Оставшись один, Персуорден не спеша вытерся дырявым банным полотенцем и завершил свой одинокий туалет. В водоснабжении «Старого Стервятника» случались перебои, и нередко в подобных случаях Персуорден отправлялся через площадь наискосок, к Помбалю, в поисках неспешной утренней ванны и горячей воды для бритья. Время от времени, когда Помбаль уезжал в отпуск, он фактически перебирался в его квартиру и делил ее, не без толики внутреннего дискомфорта, с Дарли, обитавшим таинственно и скрытно в дальнем конце коридора. Хорошо было сбежать иногда от одиночества гулкого гостиничного номера, от кип бумаги, нараставших гроздьями, как грибы, вокруг основного ствола очередного романа. Сбежать – как всегда, впрочем… Патологическая тяга литератора быть наедине с самим собой: «Писатель, самый одинокий зверь из всех людских существ». «Это цитата из великого Персуордена», – пояснил он собственному отражению в зеркале, пока повязывал галстук. Сегодня он станет ужинать в тиши и потакании своим маленьким слабостям, один! Эррол звал его к себе, он отказался, расшаркался как мог и отказался, зная, что ждет его там – бездарный, тягомотный вечер, настольные игры для полудурков или бридж. «Мой бог! – говаривал, бывало, Помбаль. – Что за манера у твоих соотечественников убивать время! Все эти гостиные, провонявшие онтологическим чувством вины, как грязными носками. Позволишь себе высказать одну-единственную мысль – и вечеринка сходит с рельсов, все застывают в неловком молчании… Я стараюсь, как могу, но мне все время кажется, что я всем наступаю на ноги. А потому наутро я автоматически посылаю хозяйке цветы… Что вы за нация такая! Француза способен до безумия заинтриговать сам способ вашего существования; скажи мне честно, вы даже и в ванну привыкли забираться при макинтоше и галстуке?»

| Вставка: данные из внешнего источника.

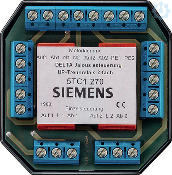 DELTA Jalousiesteuerung UP-Trennrelais 2-fach mit Einzelsteuerung AC 230V, 8A (AC 1) DELTA Schalter und Steckdosen - Design und Qualität in Perfektion von Siemens. Unsere umfangreiche Produktpalette bietet Ihnen durch ihre stilsichere Formen- und Farbvielfalt eine Fülle an individuellen Gestaltungsmöglichkeiten, die die Ästhetik eines jeden Raumes gekonnt unterstreichen. Auch Hochwertigkeit und Langlebigkeit unserer DELTA Schalter und Steckdosen können wir mit unserer hohen Kompetenz in der Herstellung garantieren - vom Einzelteil bis zum fertigen Produkt. Die Siemens Elektronik Geräte für die Installationstechnik bieten umfangreiche Zusatzfunktionen wie: 1. Dimmer für alle gängigen Lasten inclusive LED Beleuchtung. 2. Bewegungsmeldung in Aufputz und Unterputzausführung. 3. Weitere Geräte wie Jalousiesteuerung, Zeitschaltung und auch Raumtemperaturregelung sind verfügbar. www .de/delta. Siemens bietet für die sichere, effiziente elektrische Infrastruktur in Gebäuden und Industrie ein durchgängiges Port

Бедный Дэвид Маунтолив! Персуорден думал о нем с чувством искреннего участия. Какую цену приходится платить кадровым дипломатам за терпкие плоды власти! Ему, должно быть, и ночью снятся все те благоглупости, которые приходится выслушивать днем, и внимательно выслушивать, и с интересом, – во имя самого святого, что только есть в его профессии, желания понравиться, и польстить, и удержать внимание, чтобы «повлиять» так или иначе. А впрочем, каждый переделывает мир как умеет.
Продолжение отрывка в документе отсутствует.